DF was first isolated in 1943. During the last part of the 20th century, many tropical regions of the world saw an increase in dengue cases. Epidemics occurred more frequently and with more severity. In recent years, DF has become a major international public health concern. Currently dengue is the most important viral disease transmitted by
mosquitoes afflicting humans in the world context.
Symptoms of typical uncomplicated classic dengue usually start with fever and also include severe headache (mostly in the forehead), pain behind the eyes which worsens with eye movement, severe joint and muscle pains and aches, swollen lymph nodes, nausea, general weakness, sudden chills, vomiting and/or diarrhea, skin rash and loss of appetite.

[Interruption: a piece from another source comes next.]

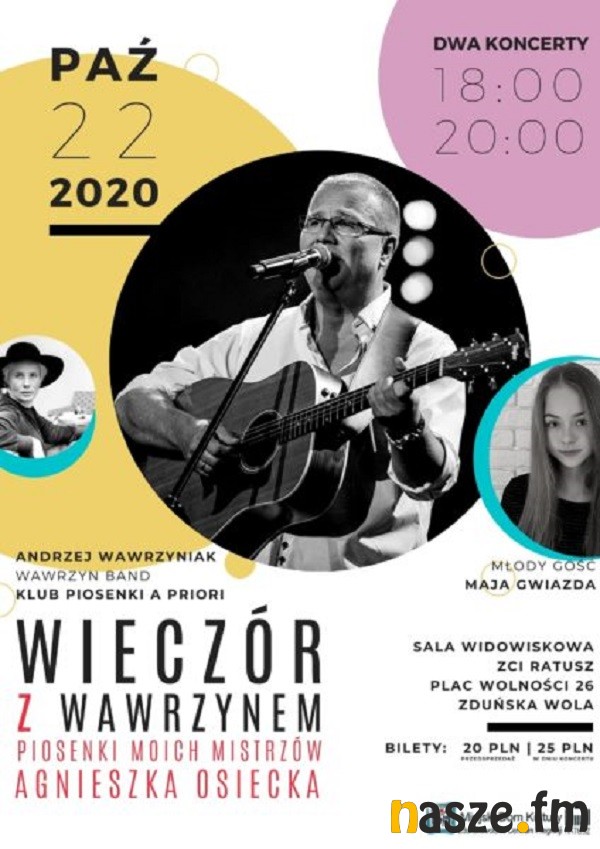 Wystąpią: Andrzej Wawrzyniak, Wawrzyn Band, Klub Piosenki A Priori, młodym gościem wieczoru będzie Maja Gwiazda.

The most severe and dangerous form of the disease is Dengue Shock Syndrome. Symptoms include all those for DHF plus fluids leaking from blood vessels, massive bleeding and shock due to very low blood pressure. This generally occurs if an infected person goes to the hospital too late and the disease has affected many organs. However, some people may still survive, provided they are admitted to the intensive care unit where extensive treatment will be provided.

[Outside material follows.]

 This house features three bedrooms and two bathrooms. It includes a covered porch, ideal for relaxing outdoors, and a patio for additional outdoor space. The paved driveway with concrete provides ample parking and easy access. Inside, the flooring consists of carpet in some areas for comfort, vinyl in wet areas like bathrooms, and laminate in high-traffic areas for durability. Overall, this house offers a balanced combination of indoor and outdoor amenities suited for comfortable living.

Persons suspected of having DF should see a doctor at once. There’s no specific medication to kill the virus but there’s no doubt that medical supervision saves lives, as with the administration of platelets. Most people will recover completely within about two weeks, but others experience several weeks to months of feeling tired and/or depressed.
To help with recovery, healthcare experts recommend getting plenty of bed rest, drinking lots of fluids and taking medicines to reduce fever, although some advise patients with DF not to take aspirin. For severe dengue symptoms, including shock and coma, early and aggressive emergency treatment with fluids and electrolyte replacement can be lifesaving. Some patients need transfusions to control bleeding.
The mosquitoes that transmit the dengue virus often breed in used automobile tires, flower pots, old oil drums and other man-made containers like earthenware jars, metal drums, concrete cisterns and discarded plastic containers. The infected mosquitoes may also live and rest indoors, in closets and other dark places. Outside, they rest where it is cool and shaded.
To prevent being bitten by the mosquito, avoid areas with standing water, wear long sleeve shirts, and long trousers or dresses during the daylight hours when the mosquito is most active. Other suggested preventive measures include the use of mosquito repellant sprays containing DEET, coils, electric vapor mats, window screens and mosquito nets.